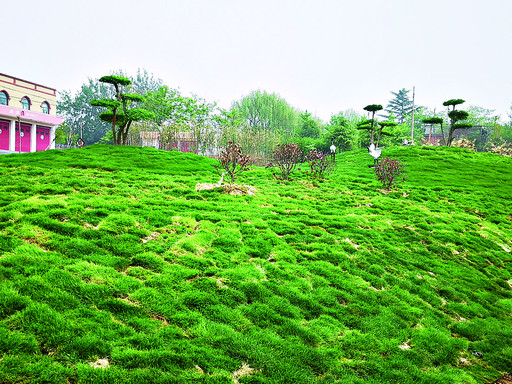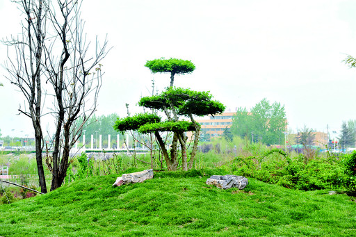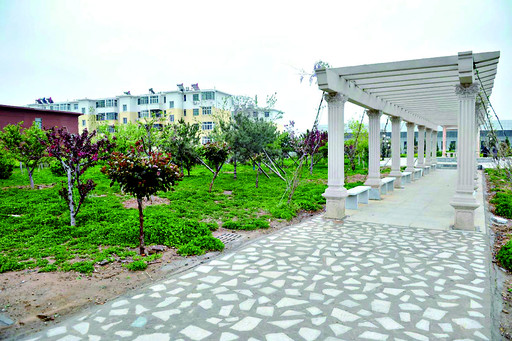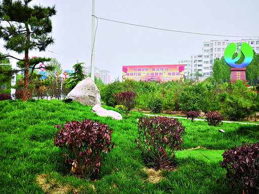 中山路与葛嘴线交叉口的小花园内植物错落有致,成为一片美丽的风景。
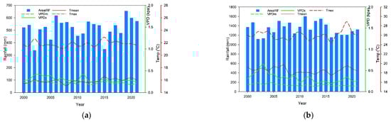 Historical (2000–2021) climate variables (seasonal areal rainfall, average temperature (Tmean), and vapor pressure deficit) of selected administrative zones: (a) Arsi from wheat growing area (June to October) and (b) Illu Ababora from maize growing area (May to September).
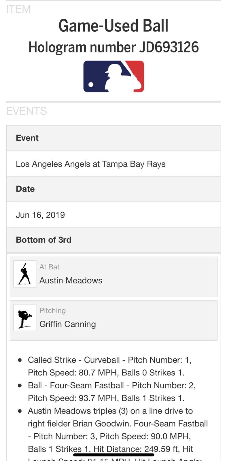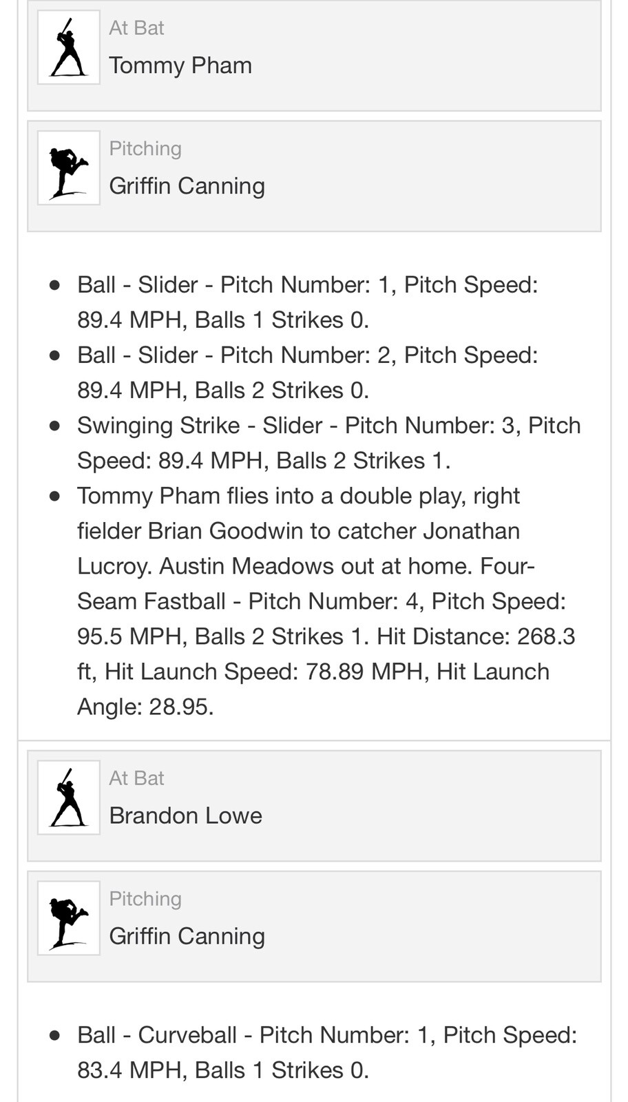 - Austin Meadows triples (3) on a line drive to right fielder Brian Goodwin. Four-Seam Fastball - Pitch Number: 3, Pitch Speed: 90.0 MPH, Balls 1 Strikes 1. Hit Distance: 249.59 ft, Hit Launch Speed: 81.15 MPH, Hit Launch Angle: 21.08.
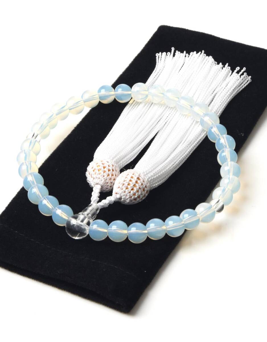 - 【在庫処分】数珠袋付き 葬儀 天然素材 葬式 京都職人手作り 8mm 頭房 女性用 [オパール] 数珠 EsuonHappines
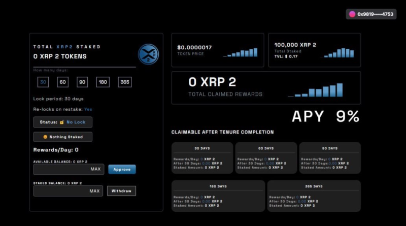 - Innovative Staking DApp: XRP 2’s staking dApp is now live and open to the entire crypto community. With 2 to 3 staking pools available every week, each for a 24-hour period, users can enjoy flexibility like never before. Stake, unstake, and claim rewards at any time, putting the power back into the hands of the users.
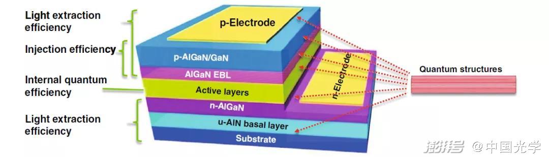 因此,為了獲得高外量子效率的深紫外LED器件,必須提高內(nèi)量子效率、載流子注入效率和光提取效率,特別是要解決量子能級(jí)間躍遷、載流子匹配、光子傳播等諸多關(guān)鍵技術(shù)難題和深層次的科學(xué)問題。
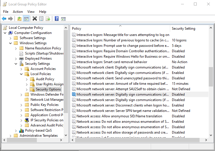 - Microsoft Network Client: Digitally Sign Communications (if server agrees)
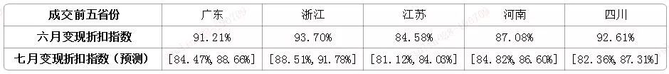 - 七月預(yù)測:成交量在2562至3002筆左右,成交率指數(shù)區(qū)間[17.83%,19.54%],月起拍折扣指數(shù)區(qū)間[74.58%,75.31%],變現(xiàn)折扣指數(shù)區(qū)間[77.89%,80.63%]。
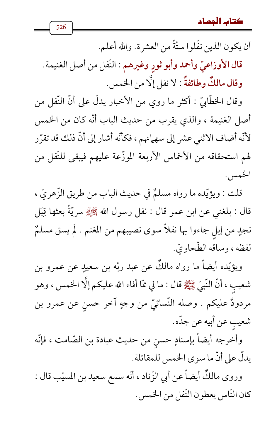 وأخرجه أيضاً بإسنادٍ حسنٍ من حديث عبادة بن الصّامت , فإنّه يدلّ على أنّ ما سوى الخمس للمقاتلة.

- **WHAT TO WORK ON**
Emit the lines of the data above from the one containing "- 七月預(yù)測:成交量" through its final line, both endpoints included. Pictures do not belong in the output.

- **SOLUTION TO THIS PROBLEM**
 - 七月預(yù)測:成交量在2562至3002筆左右,成交率指數(shù)區(qū)間[17.83%,19.54%],月起拍折扣指數(shù)區(qū)間[74.58%,75.31%],變現(xiàn)折扣指數(shù)區(qū)間[77.89%,80.63%]。
 وأخرجه أيضاً بإسنادٍ حسنٍ من حديث عبادة بن الصّامت , فإنّه يدلّ على أنّ ما سوى الخمس للمقاتلة.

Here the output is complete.